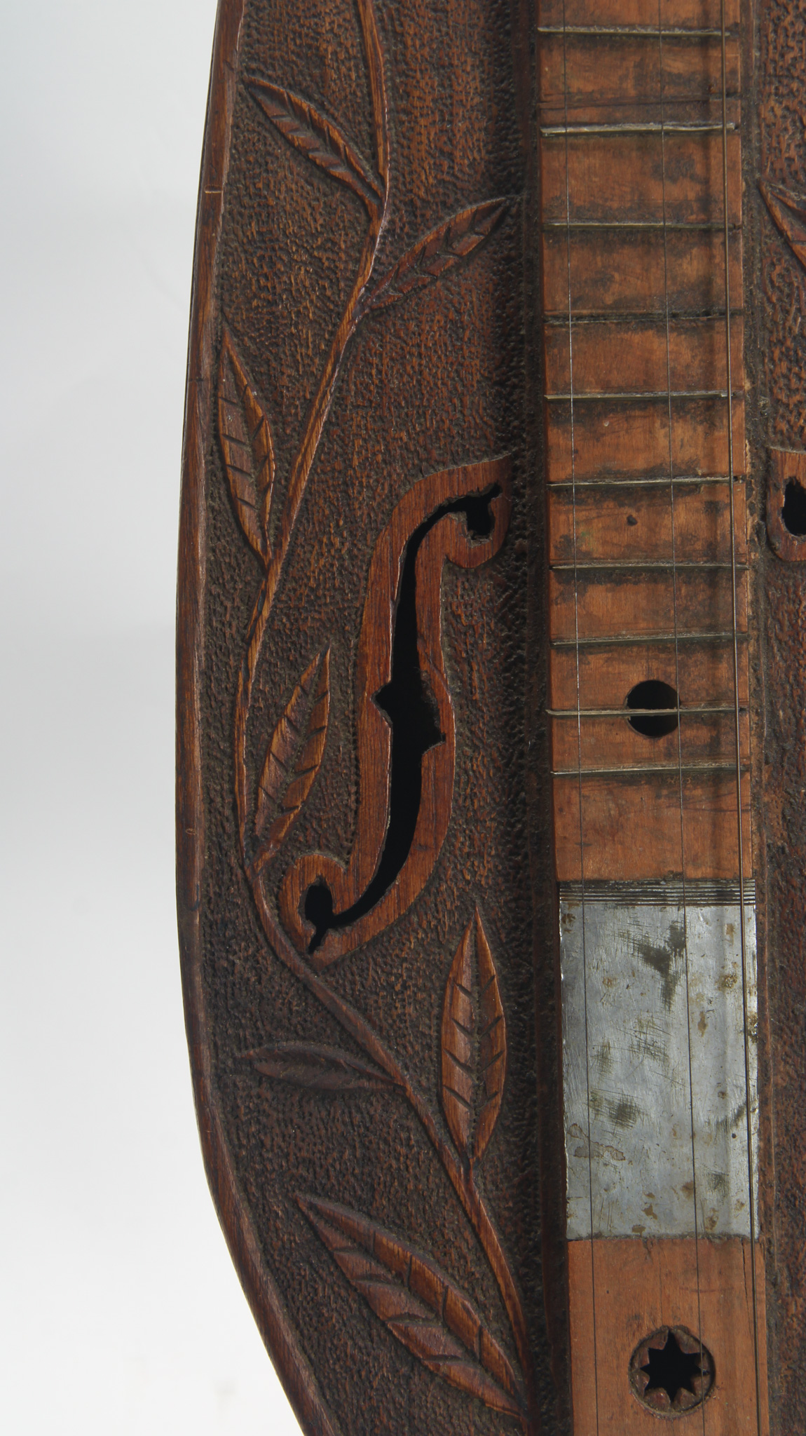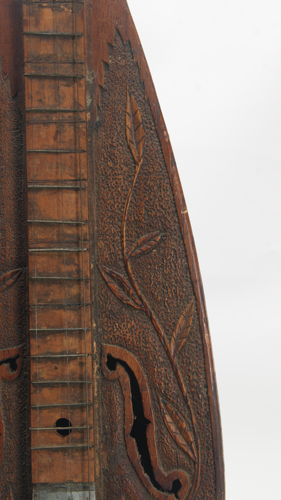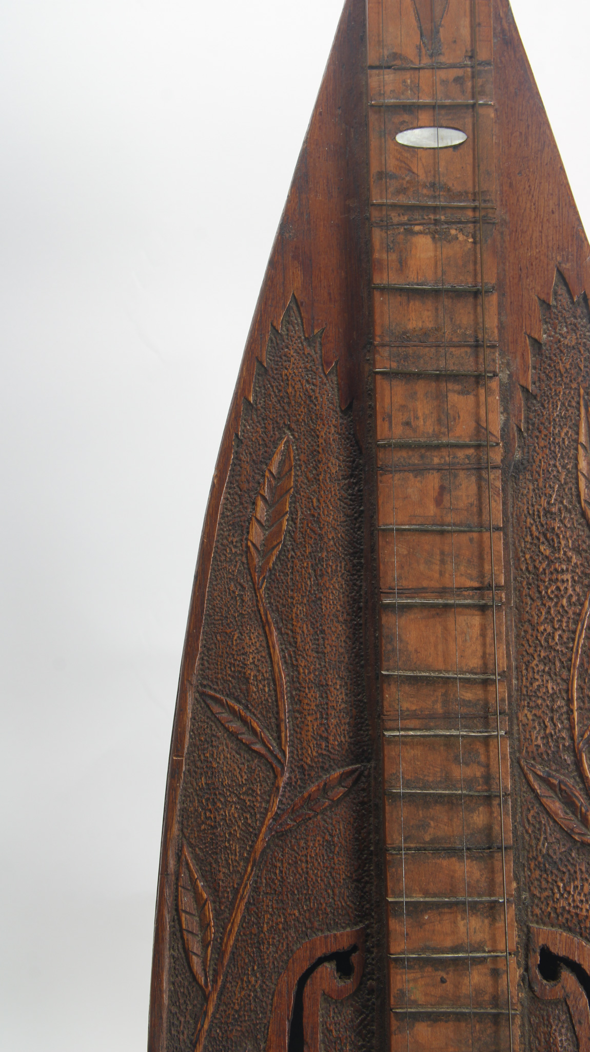 Extremely interesting teardrop shaped 19th century dulcimer, true American folk art, with tons of floral relief carving on the top, with a hollow neck, 2x f holes, large carved violin shaped scroll...
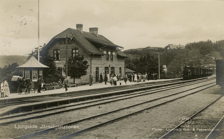 Enligt Bengt Lundins noteringar: "Ljungskile. Järnvägsstation med kiosk, folk och tåg".
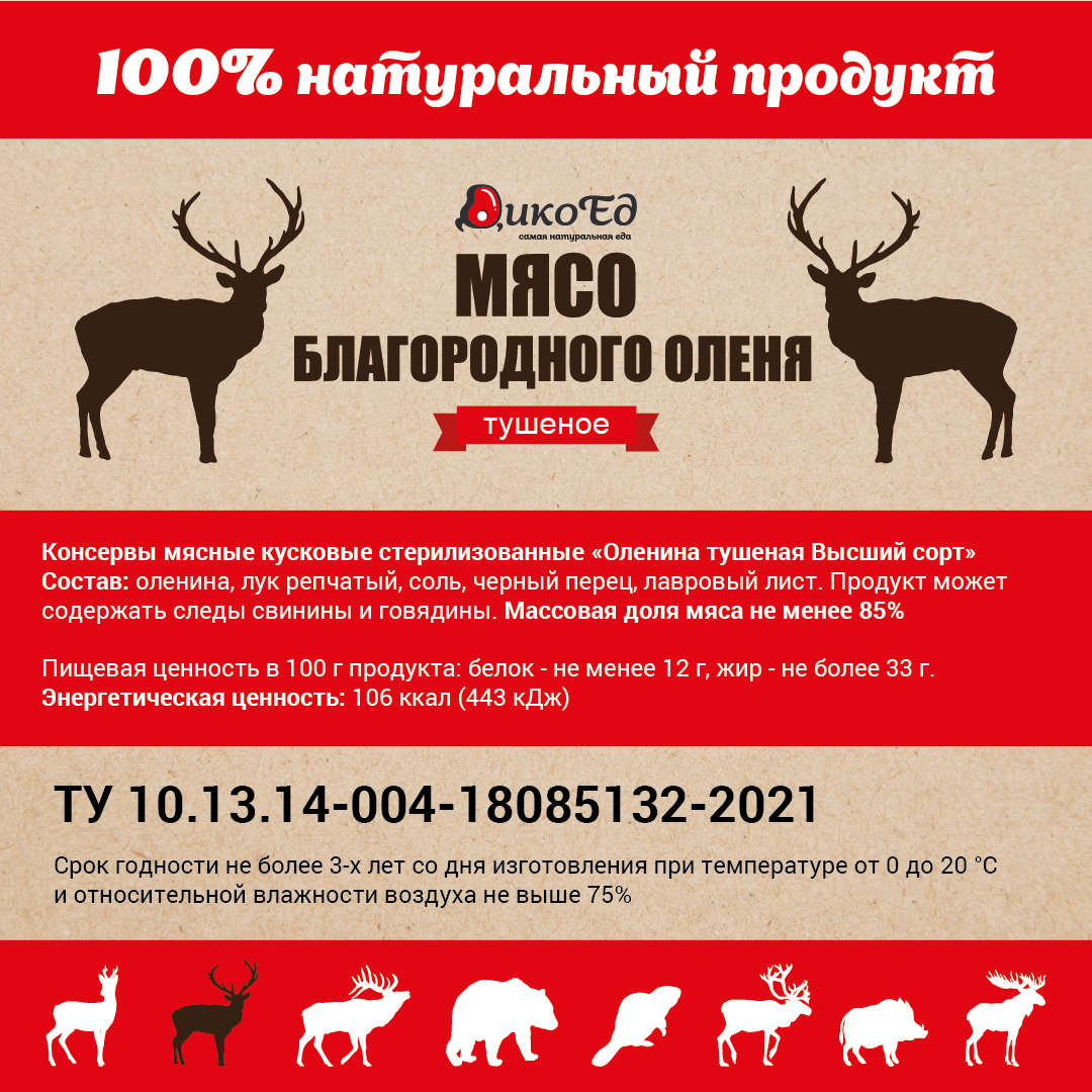 Рекомендуем вместо Тушеное мясо Европейского оленя (тушенка из оленины)
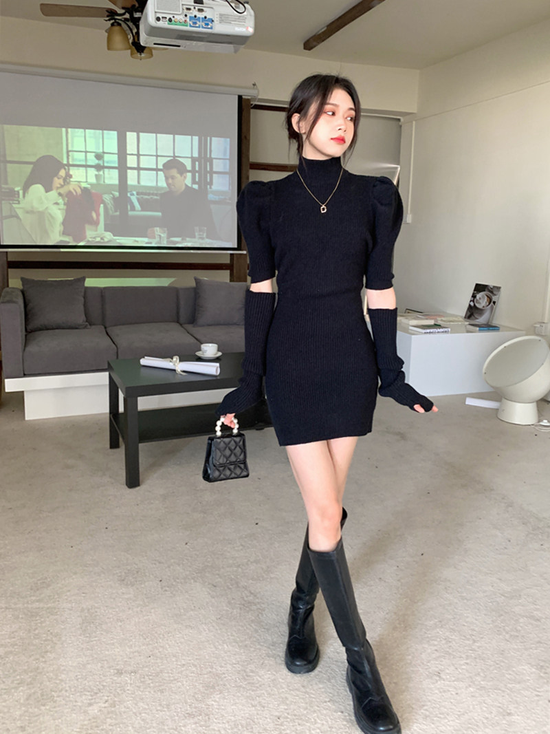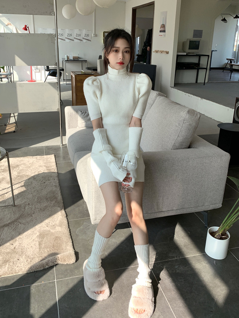 Дизайнерское белое зимнее трикотажное платье, базовое шерстяное платье, тренд сезона, облегающий крой, рукава фонарики
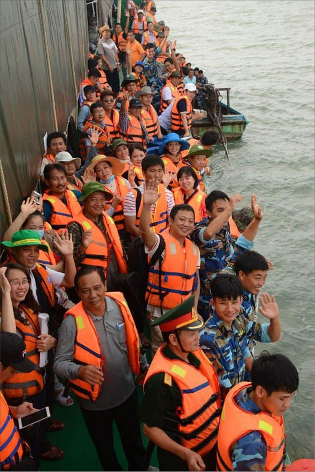 Đoàn phóng viên, đại biểu chuẩn bị xuống tàu, lên đảo
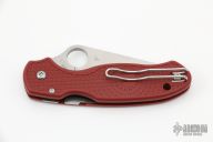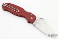 This Para 3 by Spyderco Knives features a satin finished blade with a thumbhole and notched thumbrest. The handle features red FRN scales and a steel tip up pocket clip. Includes the original box and papers. Excellent Condition.
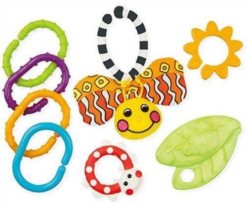 とんぼに、てんとう虫、そしてミツバチの3種類。押すと鳴いたり、カシャカシャ音がしたり、冷やすとクールな歯がためにも(冷凍は厳禁!)。 ベビーカーやバッグにリングで自由にくっつけて。
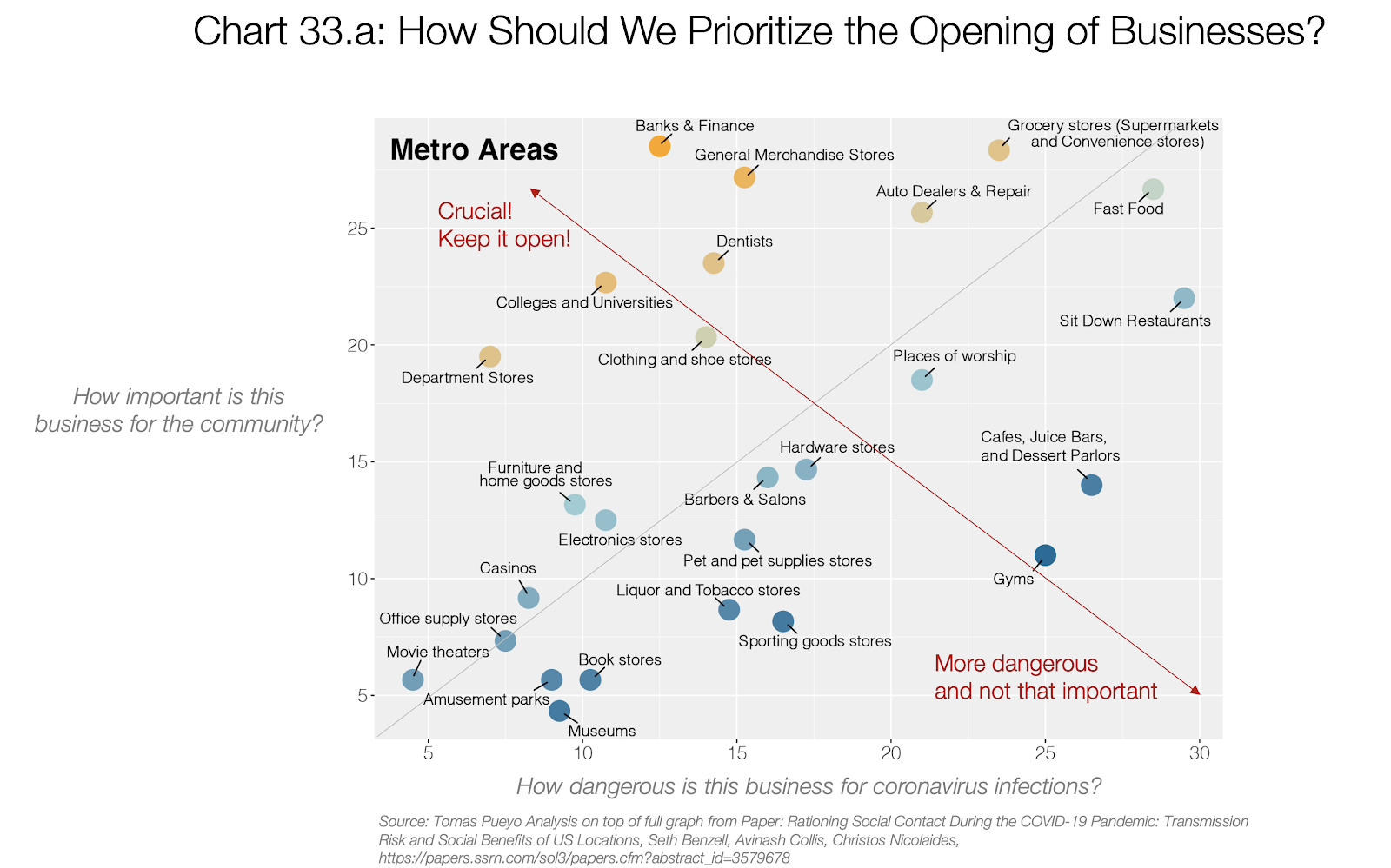 We have developed a number of packages to choose from to provide customized advice and support to businesses looking to re-open safely and you can find more information here. The challenges with opening a business are widely varied and there has been a lot of discussion and disagreement on essential and non-essential. Breaking this down as seen in this chart
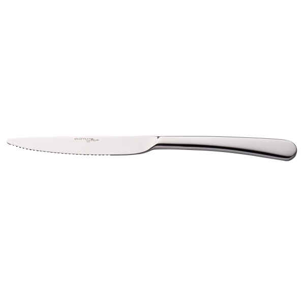 Introducing the Ascot Steak Knife – Pack of 12. Each knife is expertly crafted from high-shine 18/10 stainless steel. Part of the Eternum Ascot range, these knives boast a modern, elegant design and are perfectly balanced for a comfortable grip, further enriching the dining experience for your guests. Ensure every steak is enjoyed with ease and elegance.
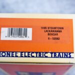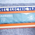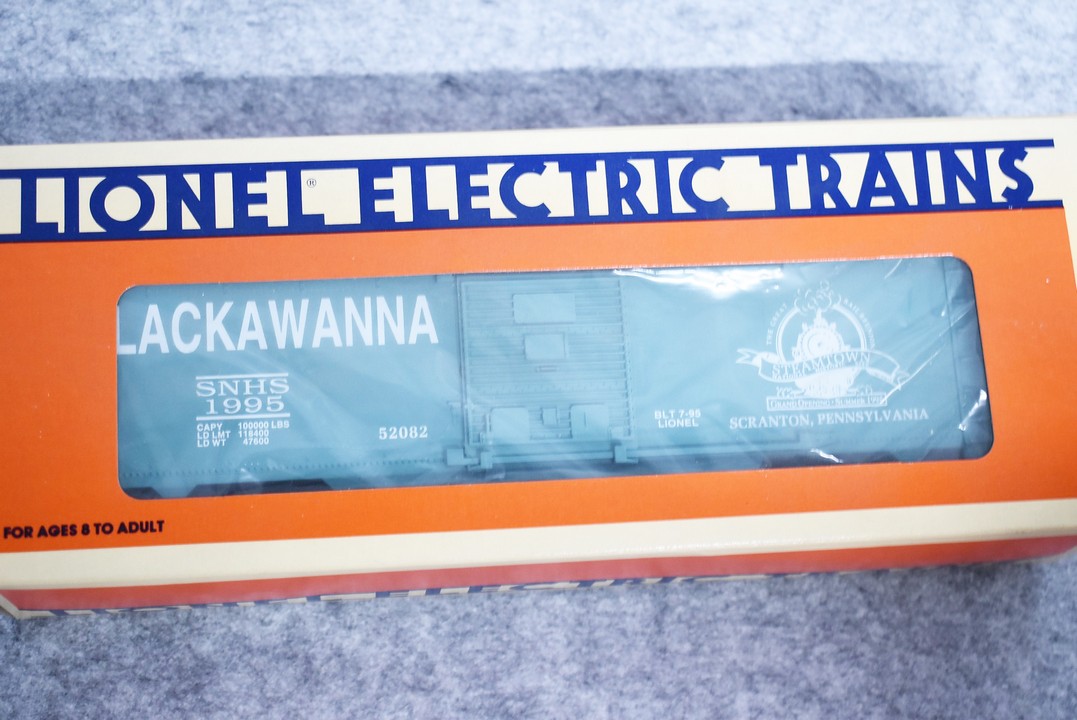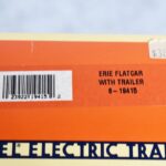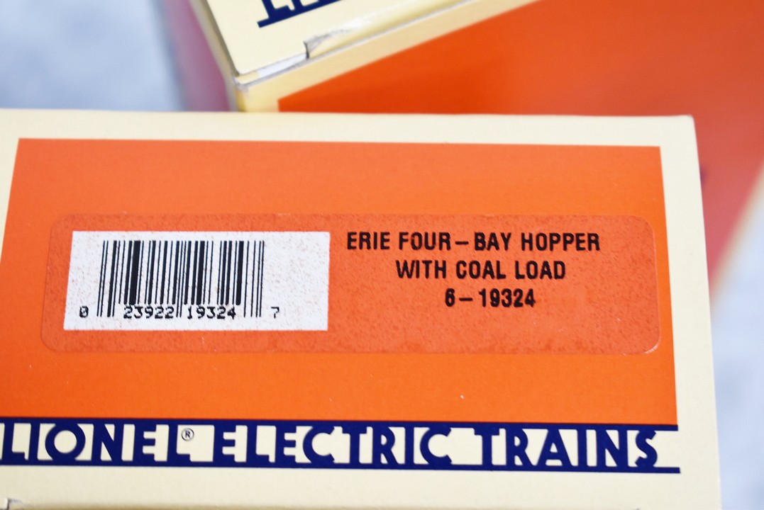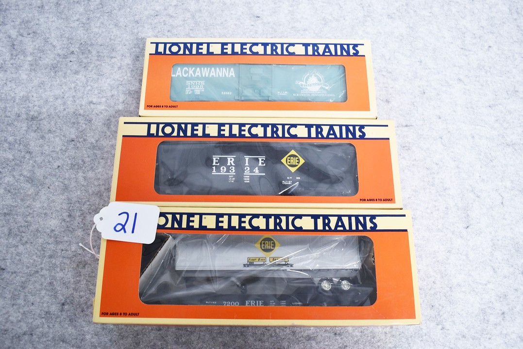 21.       Lot of 3 Lionel O gauge train cars including 6-52082 Steam town Lackawanna boxcar, 6-19415 Erie flat car with trailer, 6-19324 Erie four bay hopper with coal load, all with boxes
************
Set down again, exactly, every line above from the one with "Рекомендуем вместо Тушеное" down to the one with "Introducing the Ascot", both ends included. No pictures, and nothing else.

● WRITTEN REPLY:
 Рекомендуем вместо Тушеное мясо Европейского оленя (тушенка из оленины)
 Дизайнерское белое зимнее трикотажное платье, базовое шерстяное платье, тренд сезона, облегающий крой, рукава фонарики
 Đoàn phóng viên, đại biểu chuẩn bị xuống tàu, lên đảo
 This Para 3 by Spyderco Knives features a satin finished blade with a thumbhole and notched thumbrest. The handle features red FRN scales and a steel tip up pocket clip. Includes the original box and papers. Excellent Condition.
 とんぼに、てんとう虫、そしてミツバチの3種類。押すと鳴いたり、カシャカシャ音がしたり、冷やすとクールな歯がためにも(冷凍は厳禁!)。 ベビーカーやバッグにリングで自由にくっつけて。
 We have developed a number of packages to choose from to provide customized advice and support to businesses looking to re-open safely and you can find more information here. The challenges with opening a business are widely varied and there has been a lot of discussion and disagreement on essential and non-essential. Breaking this down as seen in this chart
 Introducing the Ascot Steak Knife – Pack of 12. Each knife is expertly crafted from high-shine 18/10 stainless steel. Part of the Eternum Ascot range, these knives boast a modern, elegant design and are perfectly balanced for a comfortable grip, further enriching the dining experience for your guests. Ensure every steak is enjoyed with ease and elegance.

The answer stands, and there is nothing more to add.